◆ Data extract

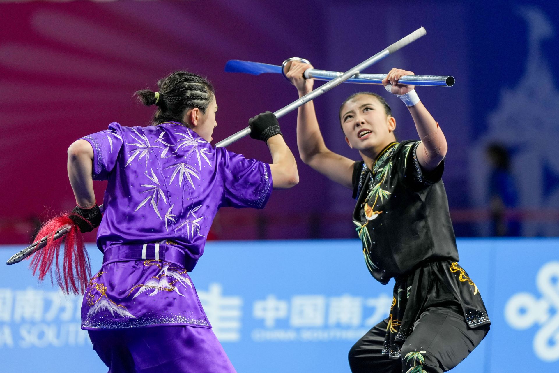 11月10日,山東隊(duì)選手孫守諾、于文珂在團(tuán)體賽女子二人器械(含徒手與器械)對(duì)練比賽中。最終,山東隊(duì)奪得金牌。
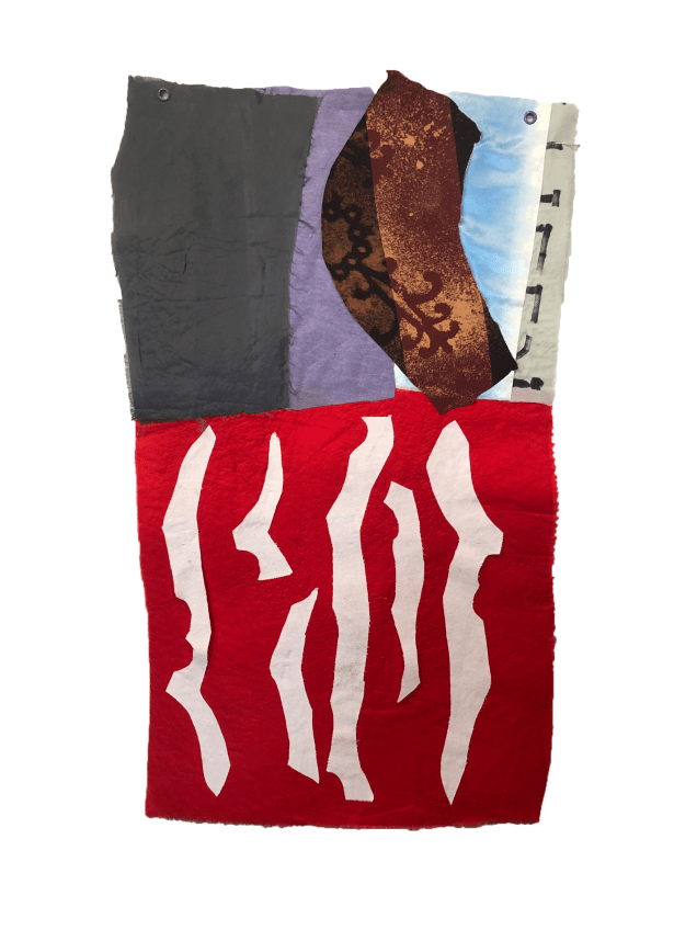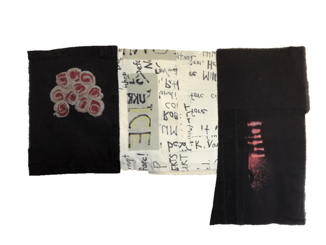 Paint, used fabric and clothing, fabric adhesive. 26 3/4 x 19 1/4. Collection of the artist.
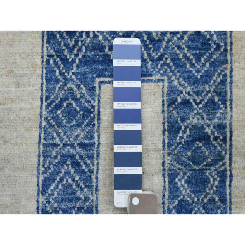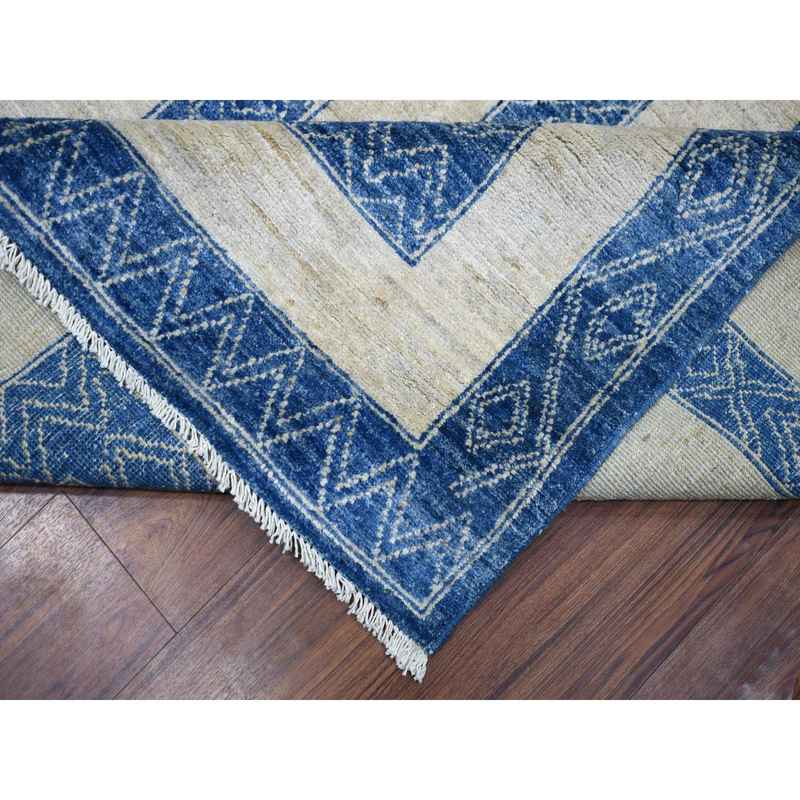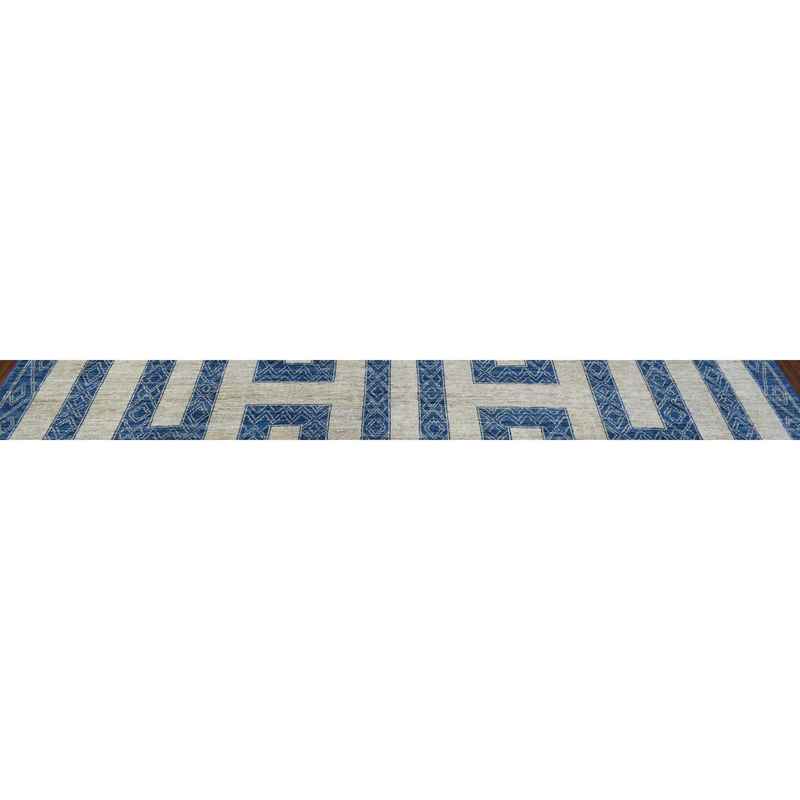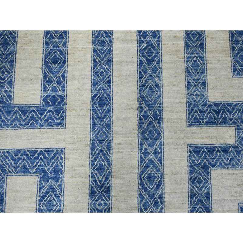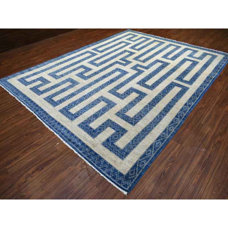 9’2″x11’9″ Denim Blue Maze Design with Berber Influence, Hand Knotted, Densely Woven, Soft and Shiny Wool Oriental Rug Sh71348
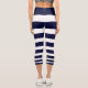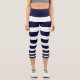 Modern navy blue and white striped Capri Leggings. Trendy nautical blue and white leggings!

◆ Your instructions
Please output the data above exactly as given, omitting every picture.

◆ Task answer
 11月10日,山東隊(duì)選手孫守諾、于文珂在團(tuán)體賽女子二人器械(含徒手與器械)對(duì)練比賽中。最終,山東隊(duì)奪得金牌。
 Paint, used fabric and clothing, fabric adhesive. 26 3/4 x 19 1/4. Collection of the artist.
 9’2″x11’9″ Denim Blue Maze Design with Berber Influence, Hand Knotted, Densely Woven, Soft and Shiny Wool Oriental Rug Sh71348
 Modern navy blue and white striped Capri Leggings. Trendy nautical blue and white leggings!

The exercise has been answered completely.